--- DATA Enclosed Below ---

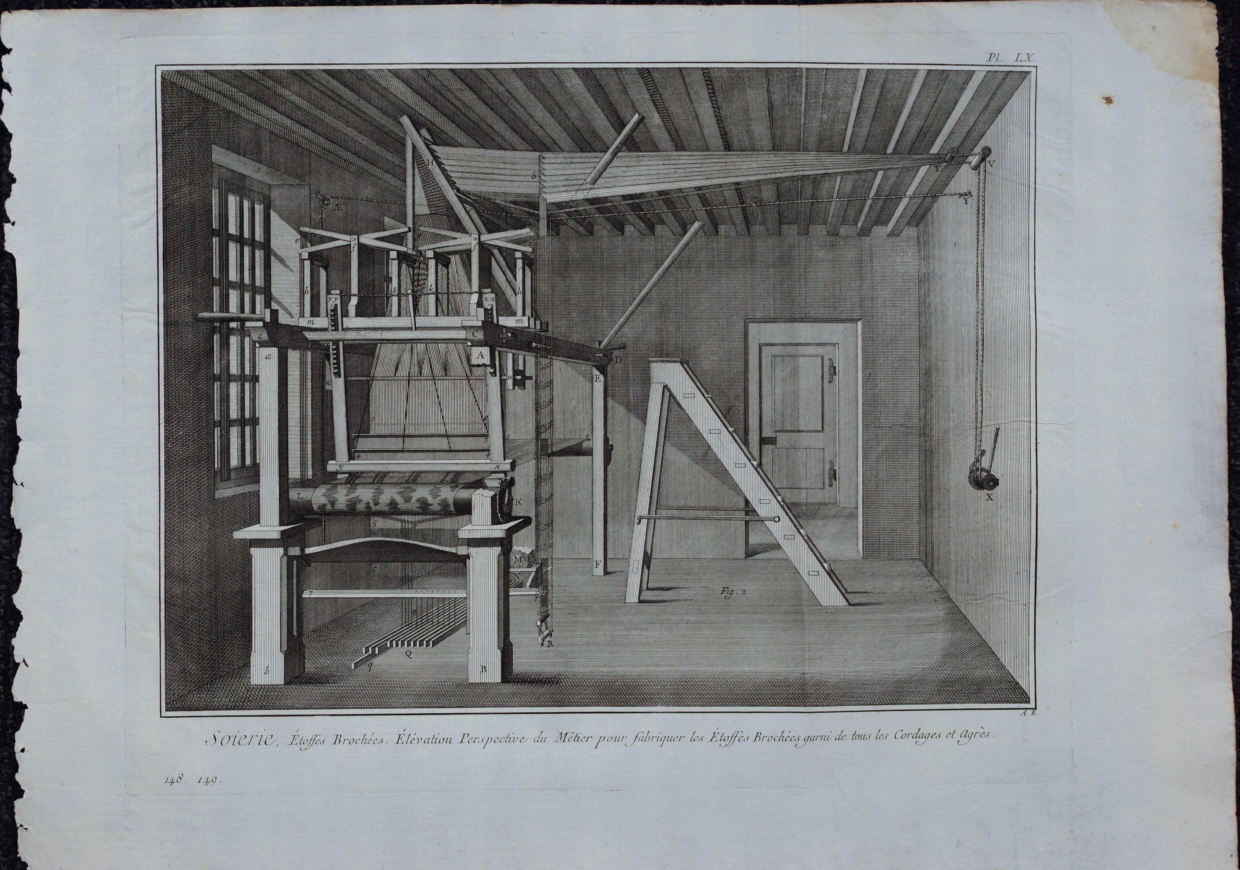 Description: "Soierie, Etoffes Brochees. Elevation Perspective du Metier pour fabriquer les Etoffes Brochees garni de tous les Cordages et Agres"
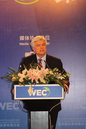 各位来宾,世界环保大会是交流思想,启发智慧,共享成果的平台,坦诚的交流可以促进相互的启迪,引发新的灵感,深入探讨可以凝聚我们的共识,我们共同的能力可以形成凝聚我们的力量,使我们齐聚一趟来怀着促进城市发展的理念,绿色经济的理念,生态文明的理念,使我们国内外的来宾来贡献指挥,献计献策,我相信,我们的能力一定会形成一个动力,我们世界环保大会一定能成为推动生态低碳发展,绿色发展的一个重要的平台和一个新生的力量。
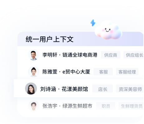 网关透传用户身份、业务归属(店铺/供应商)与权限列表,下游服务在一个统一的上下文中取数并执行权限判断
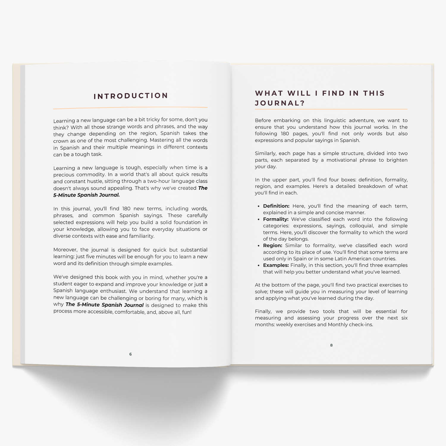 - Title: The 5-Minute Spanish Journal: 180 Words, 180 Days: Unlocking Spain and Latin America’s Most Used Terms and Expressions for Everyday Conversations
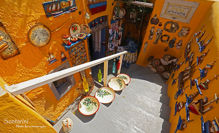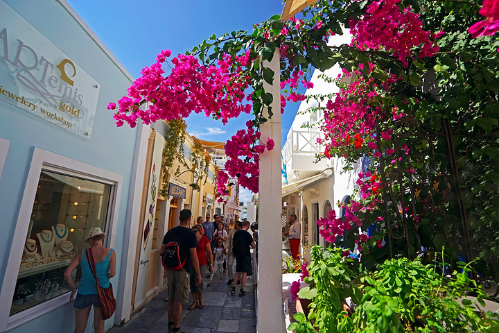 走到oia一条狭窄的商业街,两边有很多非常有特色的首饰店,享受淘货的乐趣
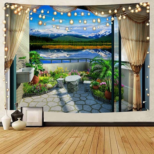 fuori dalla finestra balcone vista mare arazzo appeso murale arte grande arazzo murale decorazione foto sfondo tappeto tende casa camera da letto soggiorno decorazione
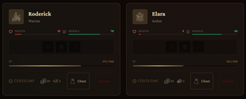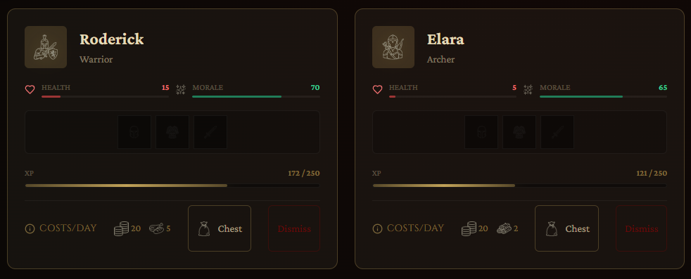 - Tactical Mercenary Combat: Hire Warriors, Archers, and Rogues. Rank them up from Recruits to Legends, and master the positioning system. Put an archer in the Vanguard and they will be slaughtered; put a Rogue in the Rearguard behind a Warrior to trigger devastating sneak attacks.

--- End of Enclosed DATA ---

## WHAT YOU HAVE TO DO:
What is needed is an exact copy of only the lines above from the one with "网关透传用户身份、业务归属(店铺/供应商" to the one with "fuori dalla finestra", both kept, with every picture left out.

## EXERCISE RESULT:
 网关透传用户身份、业务归属(店铺/供应商)与权限列表,下游服务在一个统一的上下文中取数并执行权限判断
 - Title: The 5-Minute Spanish Journal: 180 Words, 180 Days: Unlocking Spain and Latin America’s Most Used Terms and Expressions for Everyday Conversations
 走到oia一条狭窄的商业街,两边有很多非常有特色的首饰店,享受淘货的乐趣
 fuori dalla finestra balcone vista mare arazzo appeso murale arte grande arazzo murale decorazione foto sfondo tappeto tende casa camera da letto soggiorno decorazione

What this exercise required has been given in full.